Yea, would agree - the diamond cut finish is superb! The leather is soooo comfortable too - one thing that was slightly lacking in the TT - they truely hold you in place!

Mine came with Continentals, let me know what yours have. Ride is superb btw.

Dont you mean Jan 2006!! I ordered mine in Feb 05, delivered 14th May. Theres some neat stuff on there too. I dont know what is standard on the UK Spec, but with the Hi Line computer, you get to be able to change loads of things through the Wiper Stalk (auto lock, auto open, coming home settings, dsiplay settings, even a vehicle status check (need to get the access code for that one though)

Jae


----------



## Rob.gti (Mar 30, 2005)

Yeah I do mean Jan 2006 

The UK cars get Midline computer as standard, which doesnt have the settings you describe. But I aint to bothered, its the drive that matters, and for that its brilliant!!!

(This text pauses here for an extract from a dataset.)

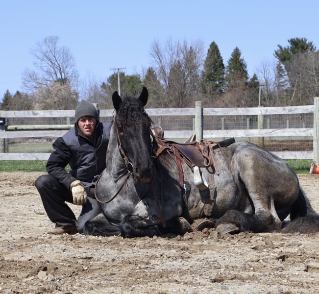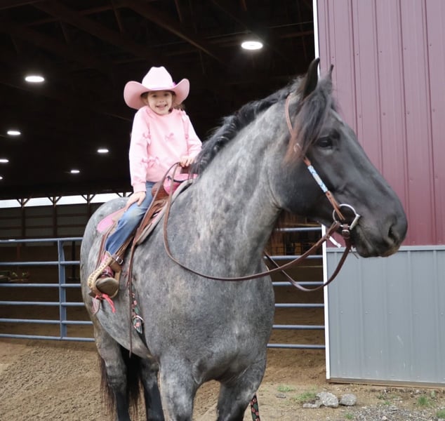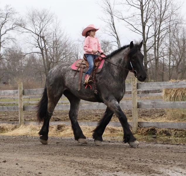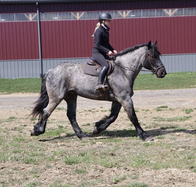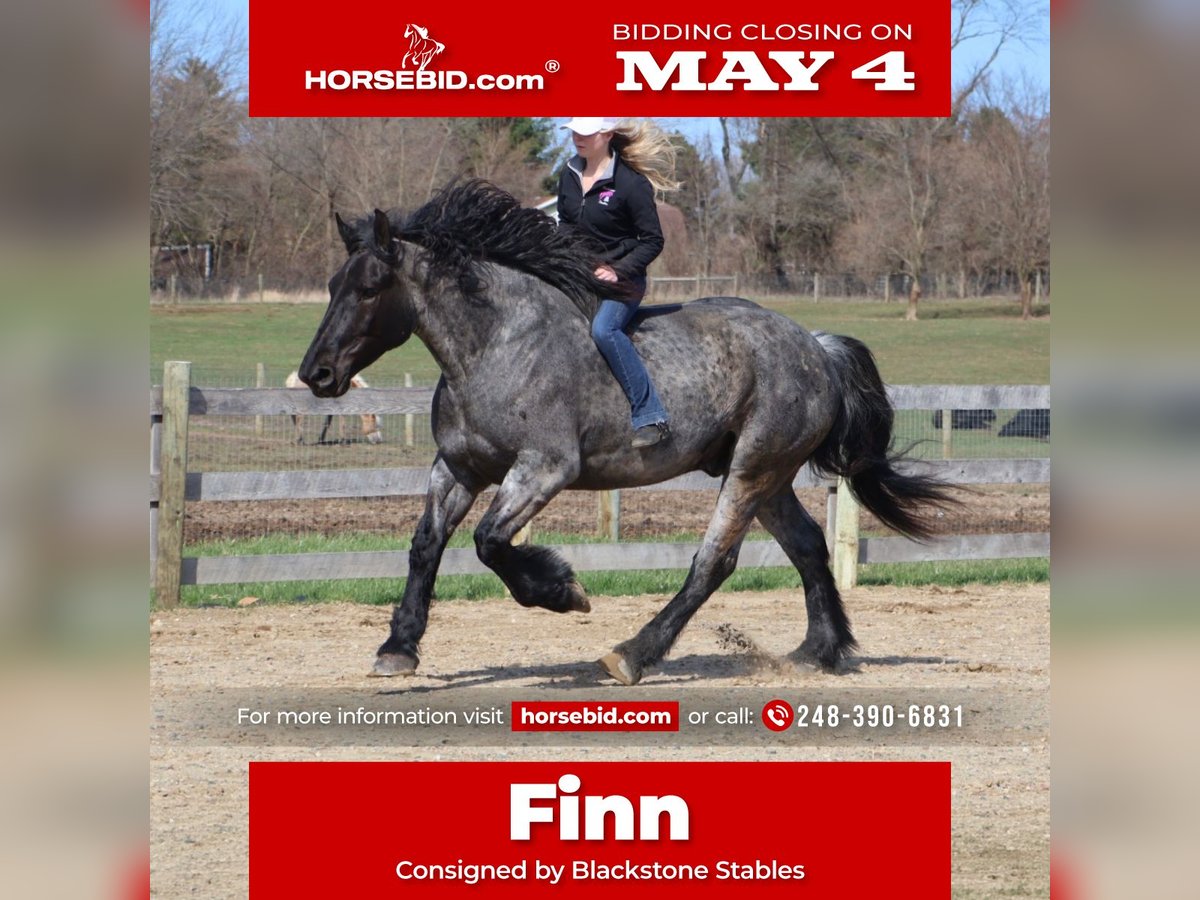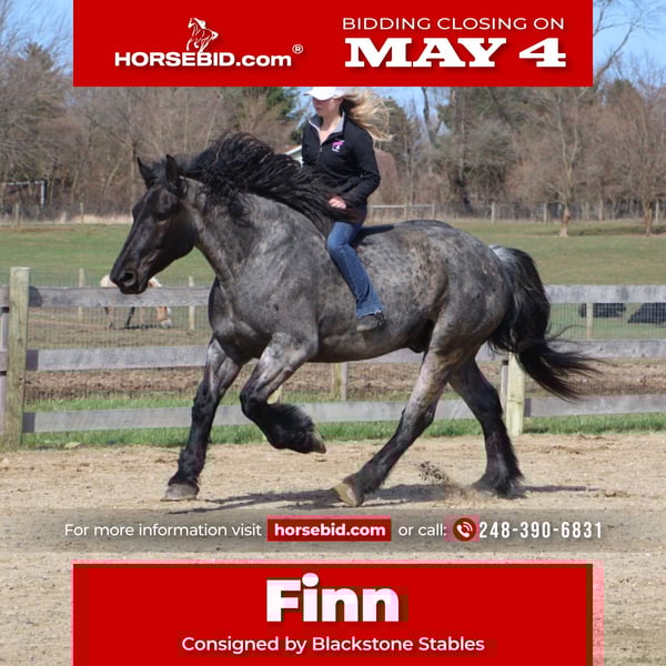 ▪️▫️◾️𝐭𝐡𝐞 𝑴𝒂𝒚 𝐒𝐞𝐥𝐞𝐜𝐭◾️▫️▪️ Happening now thru MONDAY | MAY 4th - Available EXCLUSIVELY on HorseBid's website! For more details and to register visit: www.Horsebid.com CONSIGNOR CONTACT: Blackstone Stables 248-390-6831 LOCATION: Howell, MI BREED: Brabant Quarter Horse X REGISTERED: No REGISTERED NAME: Finn COLOR: Blue Roan HEIGHT: 16.3 AGE: 4 GENDER: Gelding ** SELLING WITH A 2 week guarantee, buy with confidence, inquire for terms*** Meet Mr Dependable! His name is Finn and he is the most trustworthy, confidence boosting horse around! Not only will he turns heads wherever he goes, he has the most charming demeanor. He is a stunning true blue roan. Finn is a 4 year-old, 16.3hh Brabrant Quarter Horse cross gelding. He comes equipped with all the bells and whistles from all the fancy buttons in the arena to all of the liberty training. He will sit and lay down with the most subtle of cues, you will look like a horse whisperer working with him. He knows how to side pass, pivot back up, work on and off seat and leg pressure, pick you up at the mounting block and much more. For a horse of his size, Finn moves with incredible self carriage, grace and fluidity. He is extremely user friendly. He's so in tune with his rider you can pull all tack off and walk, trot, canter, turn and stop with your seat and leg! Finn is the horse who builds you up and makes you want to climb on his back. Whether you are riding Western, English, or bareback, or even driving him you are sure to enjoy every minute. He seamlessly transitions between disciplines with ease. You will be hard pressed to find a more bombproof horse—absolutely safe in any environment. Finn has been ridden on state roads, in the woods, open fields, and has even gone on a shopping trip to our local farm store! His beautiful roan color captures everyone’s attention! One glance into his big brown eyes will steal your heart. Out on the trails, Finn's calm, and steady nature shines. Water crossings, tarps, bridges and other common and uncommon obstacles do not phase him in the slightest. His even keel temperament makes him an ideal horse for beginners who need a forgiving partner, while his experience and smooth gaits make him just as enjoyable for advanced riders. Finn is the rare horse that adapts to his rider’s needs, making him a perfect fit for anyone from novice to seasoned equestrians. And speaking of smoothness, Finn's three gaits are simply unbeatable. His walk, trot, and canter are incredibly fluid and comfortable, making him perfect for all-day rides without leaving you sore. In short, Finn is the full package: strikingly beautiful, strong, athletic, and most importantly, safe. If you are looking for a versatile horse Finn is the perfect partner. Finn is also well broke to drive, he is traffic safe and no stranger to busy roads. Any one who can hold the lines can drive him! He is also a blast to Jump, he holds a great canter to the fences and will jump from any distance. You do not need to be accurate to navigate him around a course, in or out. He was raised on the farm and is ready to meet his forever home! Finn lives in Howell, MI 48855. Please call or text Ellesse Schwartz at 248-390-6831 (tel:248-390-6831) for more information.
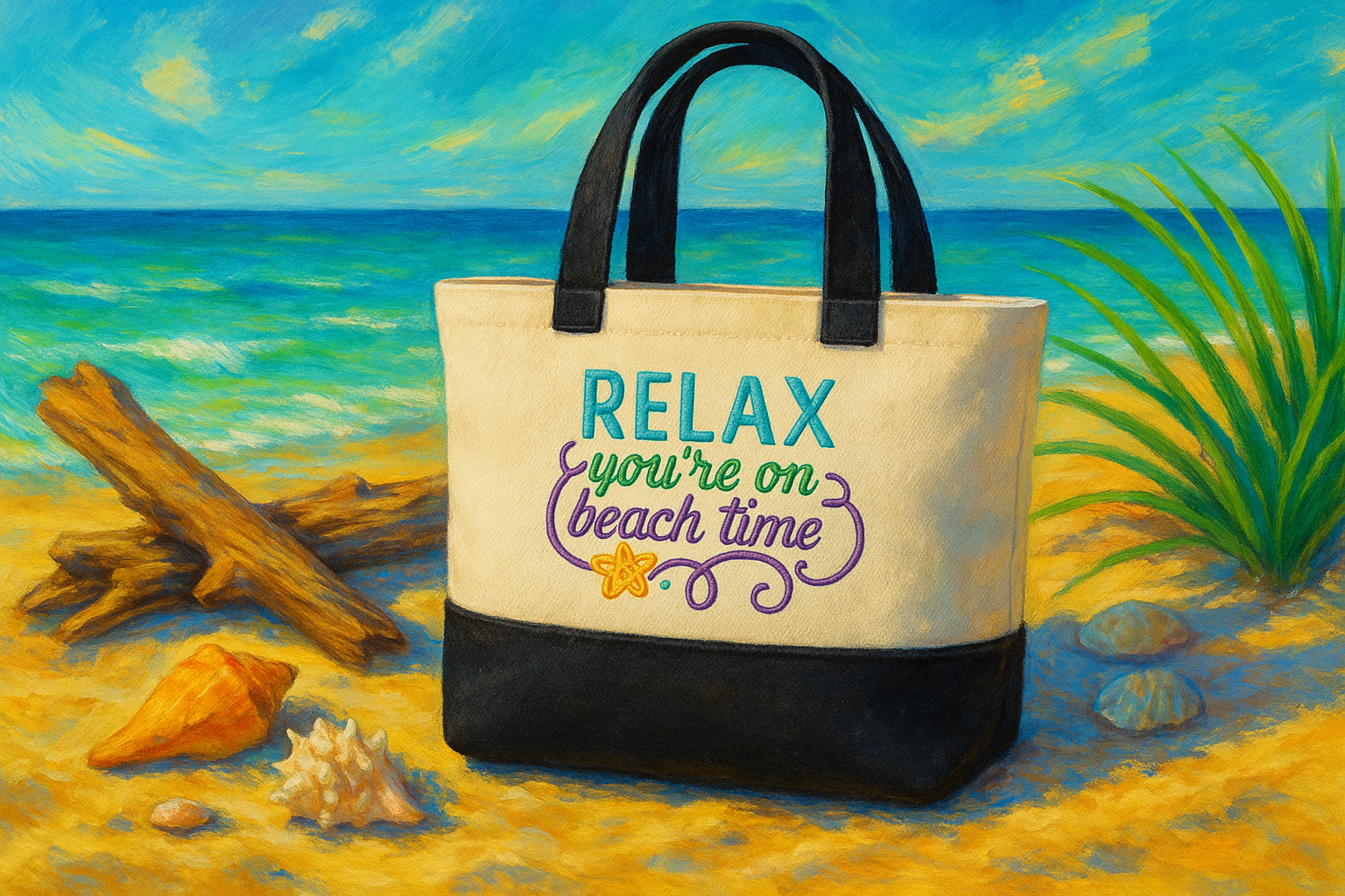 Embrace the beach vibes with this beautiful 'Relax You're on Beach Time' embroidered tote bag!

I am pretty sure the GTI over here comes with Dunlop rubber, but will have to confirm when I pick it up Thursday, which I know is gonna feel like and age :?


----------



## Jae (May 6, 2002)

Completely agree. Its a stunning car (build quality) and a mile apart from the normal Mk V (which I hate).

You should definately consider Paintshield to protect the front of your car from stone chips. Ive got my kit here to apply (hmmm, nerves of steel me thinks) but you can have it done in the UK by a pro. Site is www.paintshield.co.uk

Jae


----------



## tunner (Aug 9, 2002)

I collect my new GTI 200 on Sunday.


----------



## Rob.gti (Mar 30, 2005)

tunner said:


> I collect my new GTI 200 on Sunday.


You will be smiling forever after 

What spec?


----------



## tunner (Aug 9, 2002)

18's, leather, cd changer, Reflex Silver, ex dealer demo.

Investigating an Oettinger re-map.

The standard RCD300 has to go!


----------